The classification of electroencephalogram (EEG) signals is a key technique of brain-computer interface (BCI) system. In view of the complexity of EEG signals and the low accuracy in EEG signals recognition, a motor imagery EEG signals classification method with multi-domain fusion based on Dempster-Shafer (D-S) evidence theory is presented in this paper. Firstly, time domain statistics (TDS), autoregressive (AR) model and discrete wavelet transform (DWT) are used to extract features from EEG signals, respectively, and three probabilistic output support vector machine (SVM) classification models are trained based on these three feature sets. Secondly, using the output of each SVM, we construct basic probability assignment (BPA) function and get fusion BPA through D-S evidence theory. Finally, determining the class of test samples based on decision rules. Four databases from BCI competition are employed to evaluate the proposed approach, and the highest classification accuracy reaches 92.83%. Results show that this method acquires higher accuracy and has strong individual adaptability.

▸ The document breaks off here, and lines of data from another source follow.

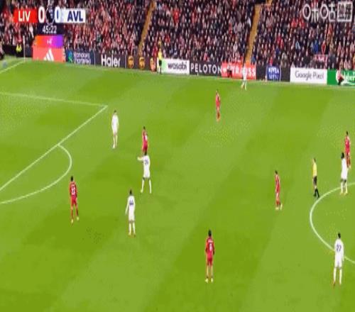 第45+1分钟,双方仍0比0僵持。马丁内斯在本方禁区内试图将球传给队友保·托雷斯,却一脚将球直接送到了利物浦前锋萨拉赫的脚下。这位埃及球星反应迅速,面对空门轻松推射得手,为利物浦在上半场结束前打破僵局。值得一提的是,在此之前,利物浦已狂轰13脚射门却一球未进,这次破门来得“意外”却关键。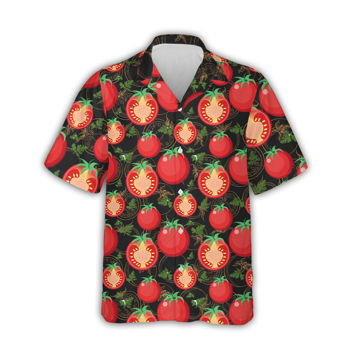 Tropical Tomato Men's Hawaiian Shirts Short Sleeve, Tomatoes Fruit Lover Aloha Beach Shirt, Button Down Shirt
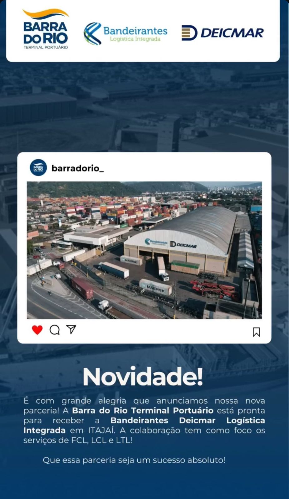 A Bandeirantes Deicmar, sendo duas empresas tradicionais do Porto de Santos e juntas se tornaram referência no setor logístico, oferecendo para seus clientes uma extensa variedade de serviços. E, esta parceria com o Terminal BARRA DO RIO (TBR), a intenção é atingir novos mercados, ampliar suas oportunidades de negócios e apresentar mais soluções aos clientes.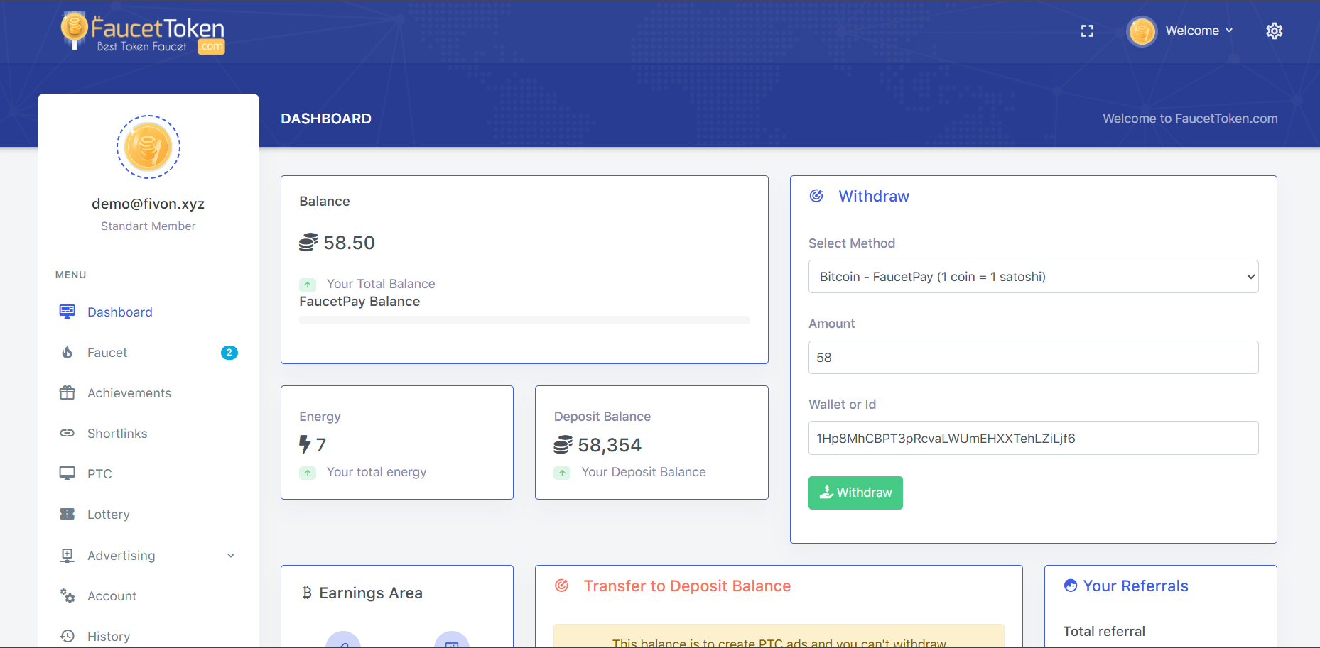 Auto Faucet Mode – Let users earn automatically with adjustable intervals and limits.

机译:脑电图(EEG)信号的分类是脑机接口(BCI)系统的一项关键技术。针对脑电信号的复杂性和脑电信号识别精度低的问题,提出了一种基于Dempster-Shafer(D-S)证据理论的多域融合运动图像脑电信号分类方法。首先,时域统计(TDS),自回归(AR)模型和离散小波变换(DWT)分别从EEG信号中提取特征,并基于这三个模型训练了三种概率输出支持向量机(SVM)分类模型。功能集。其次,利用每个支持向量机的输出,构造基本概率分配(BPA)函数,并通过D-S证据理论获得融合BPA。最后,根据决策规则确定测试样本的类别。利用来自BCI竞赛的四个数据库对所提出的方法进行评估,分类精度最高达到92.83%。结果表明,该方法具有较高的准确性,并且具有较强的个体适应性。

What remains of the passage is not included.